ISRAR VE TEHDİTLE İZMİR'E GELMİŞLER

Tutuklu sanık Şevket Rabindüz de, Hasan Deliktaş'ın ısrar ve tehditle kendisini ve yanındakileri İzmir'e götürmelerini istediğini, bu yüzden götürmeye mecbur kaldıklarını açıkladı. Şevket Rabindüz, kardeşi Şehmuz ve arkadaşı Faruk Kayli'nin başka bir araçta olduğunu, kendisinin kullandığı araçta ise Hasan Deliktaş, Yunus Çiçek ve ölü ele geçirilen Burhan Bozkurt'un olduğunu anlattı. Şahıslara yardım etmemem halinde, "Sen bilirsin önümüzdeki hedefi vurur geçeriz" diyerek tehdit ettiklerini anlatan Rabindüz, şöyle konuştu: "4 Ağustos günü İzmir'e diye Bayındır'dan yola çıktık. Ancak Menemen tarafından gitmek istediler. Foça sapağı civarında iki şahıs çantalarıyla birlikte araçtan indi. Ne tarafa gittiklerini görmedim. Hasan Deliktaş'ı otogara bırakıp Bayındır'a döndüm. Ardından kardeşim ve Faruk Kayli de Bayındır'a geldi. 9 Ağustos tarihindeki olayı televizyondan öğrendim." Bu tür eylemleri tasvip etmediğini ve sempati dahi duymadığını aktaran Şevket Rabindüz; "Böyle bir olay olacağını bilseydim ölsem de yardım etmezdim" diye konuştu.

Sanıklardan Kamil Solak da guartr hastalığı bulunduğunu ve tam teşekkülü bir hastanede muayene olmak amacıyla İzmir'e geldiğini dile getirdi. Sanık Solak, savunmasını şu sözlerle verdi: "Şanlıurfa'dan İzmir'e sağlık sorunlarım için geldim.Sanıklardan ikisi benim öz dayım. Olaylarla ilgili dayılarımın isimlerinin geçmesinden dolayı şoka uğradım"
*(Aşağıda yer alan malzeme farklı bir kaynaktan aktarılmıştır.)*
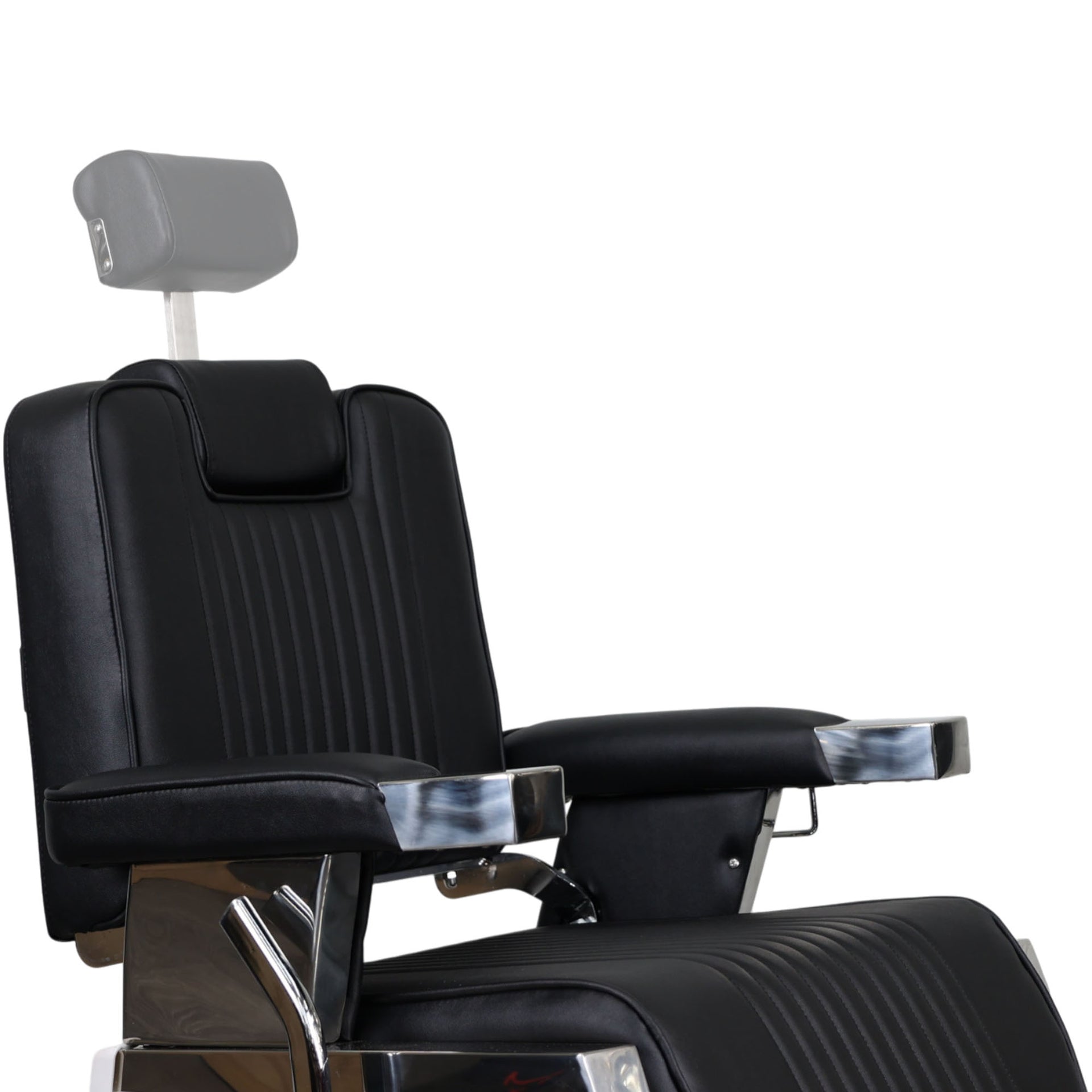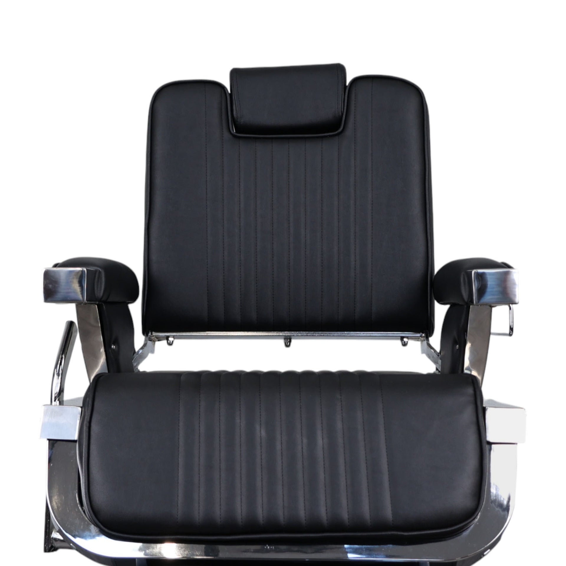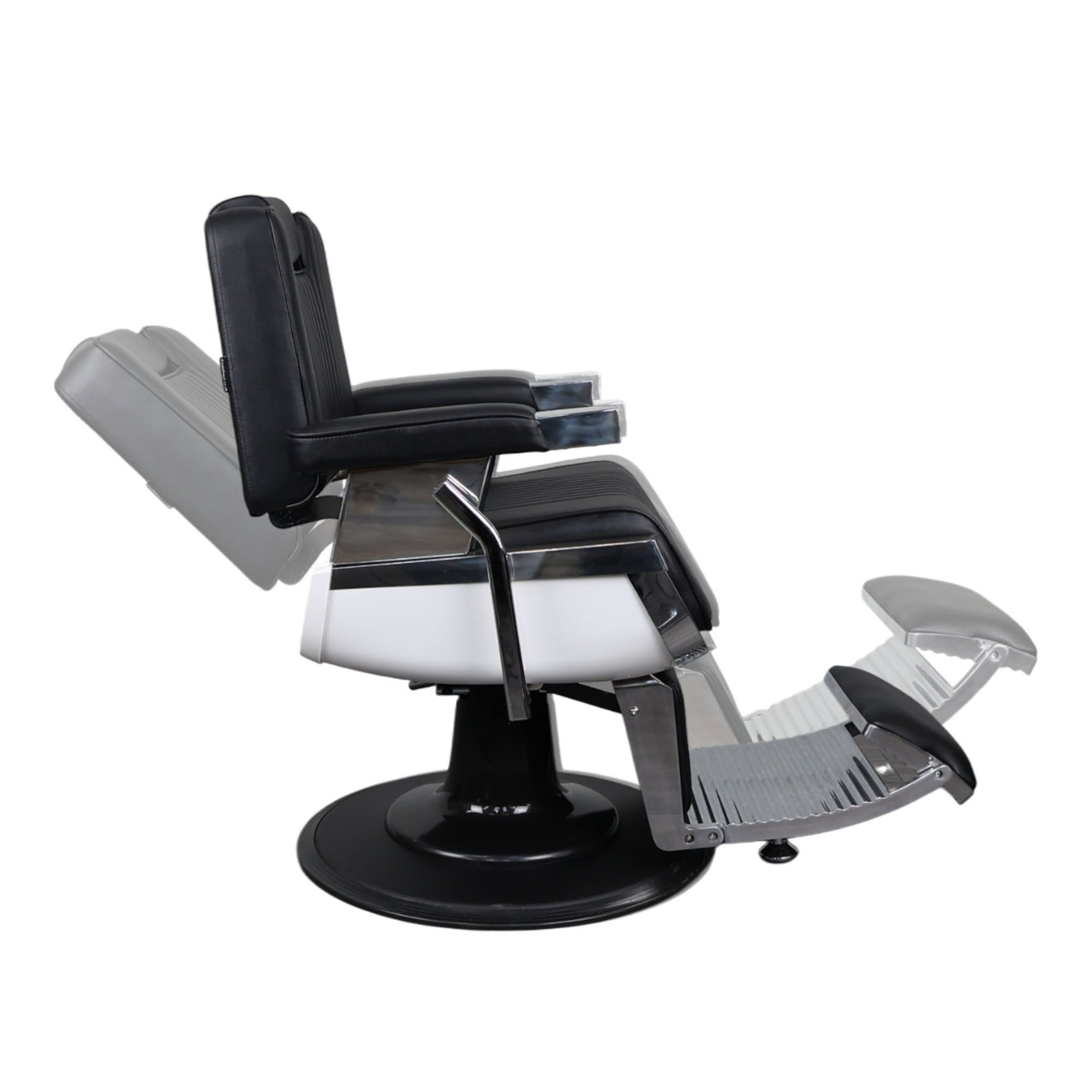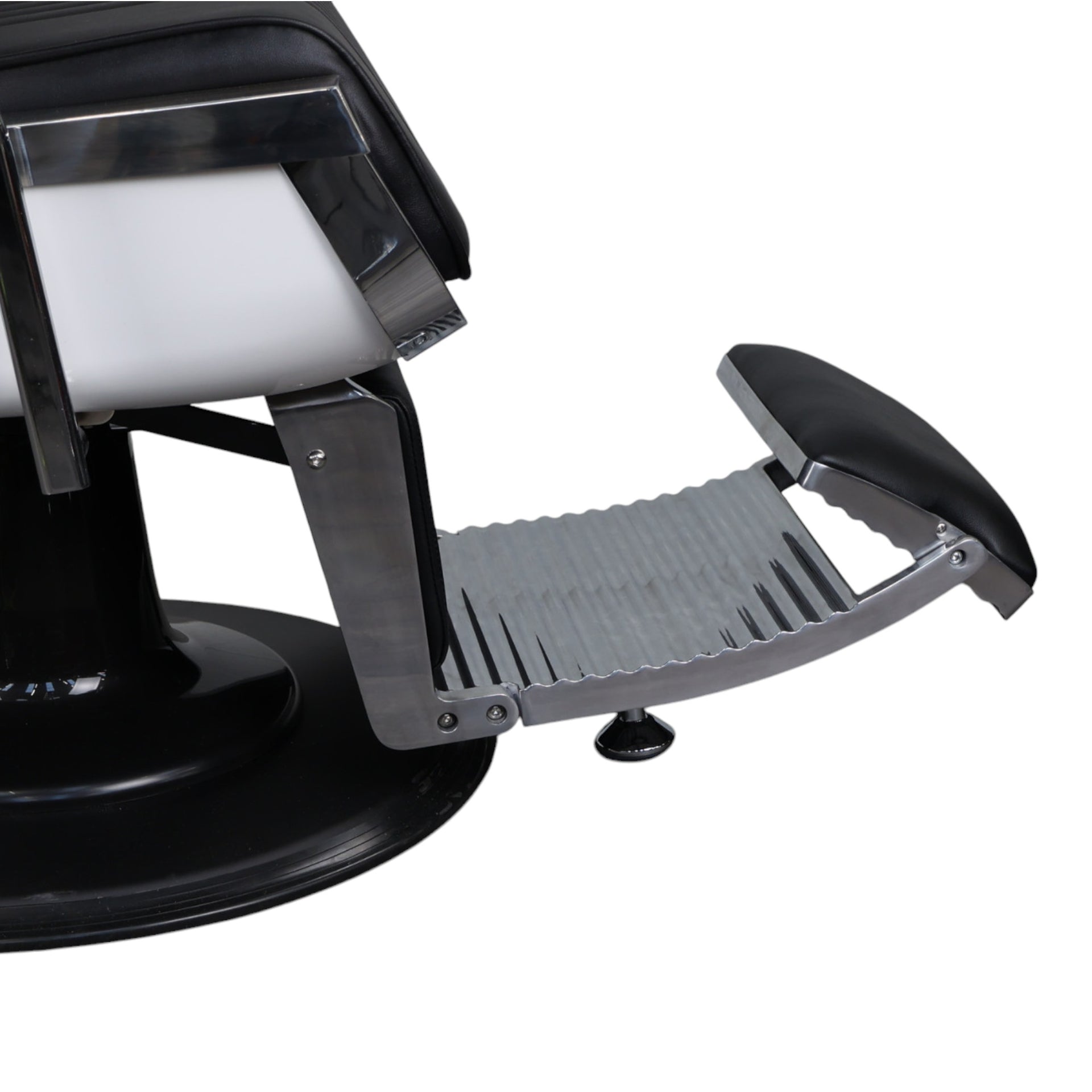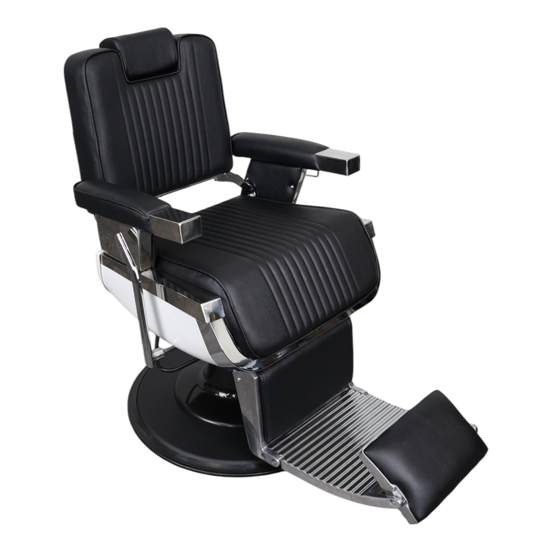 Constructed with a heavy-duty aluminium frame and a durable 27-inch chrome base, the Barber Chair - Retro With Reversible Footrest is built to last and can support up to 450 pounds (204 kg). The chair’s sleek black PVC leather upholstery not only enhances the aesthetic appeal but is also easy to clean and maintain, ensuring it remains in pristine condition after each use. The headrest is fully adjustable, with seven gears to cater to each client’s height and preference. This chair is perfect for barbershops, beauty salons, and tattoo parlours, offering a professional touch to any setting. Whether you're performing haircuts, shaves, or tattoos, this chair delivers both style and practicality, making it a versatile and reliable choice for any professional environment.
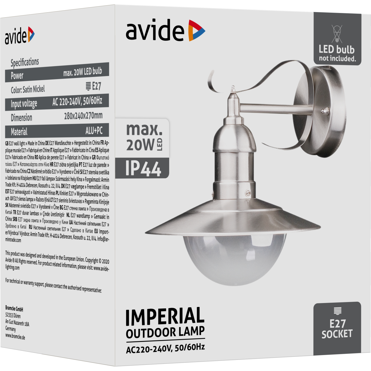 AVIDE IMPERIAL KÜLTÉRI FALI LÁMPA E27 IP44 28X24X27 CM ROZSDAMENTES ACÉL
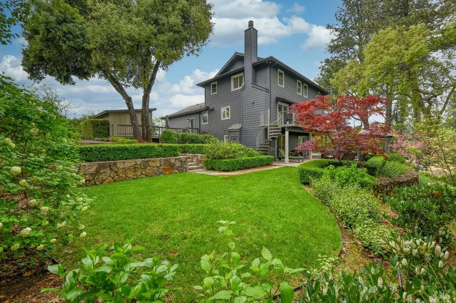Set on 1.77 acres of beautifully landscaped grounds just minutes from downtown St. Helena, this classic 4BD/3.5BA home offers timeless style, serene vineyard and hillside views, and thoughtfully designed spaces for relaxed Wine Country living. An updated chef's kitchen is a standout, featuring a 48'' Wolf range, KitchenAid refrigerator, Miele dishwasher, and marble/Caesarstone countertops. An open floor plan connects the kitchen to the spacious living room with linear gas fireplace, dining area, and family room opens to a generous deck ideal for al fresco dining and entertaining. Upstairs, you'll find three bedrooms and two full baths, including a luxurious primary suite with bath + ample closet space. Lower level offers a den, an office and a separate guest suite with its own patio-perfect for hosting guests or extended stay. The terraced garden, designed by Jack Chandler, features vibrant flowering plants, fruit trees, and there is a sunny area with raised beds for seasonal vegetables. Practical amenities include a 2-car garage, storage shed, central HVAC, a productive well, and PG&E generator hookups. Lots of hiking and biking trails nearby. This is a rare opportunity to enjoy privacy, nature, and functionality in one of Napa Valley's most beautiful settings.

Solak, yakalanan kişileri haberlerde görmesine rağmen suçsuz olması nedeniyle kaçmadığını, suçlamaları kabul etmediğini ve tahliyesini talep ettiğini belirtti. Sanık Reşit Ertuğrul da, suçlamaları kabul etmedi. Tutuklu 5 sanığın savunmalarının ardından duruşmaya ara verildi.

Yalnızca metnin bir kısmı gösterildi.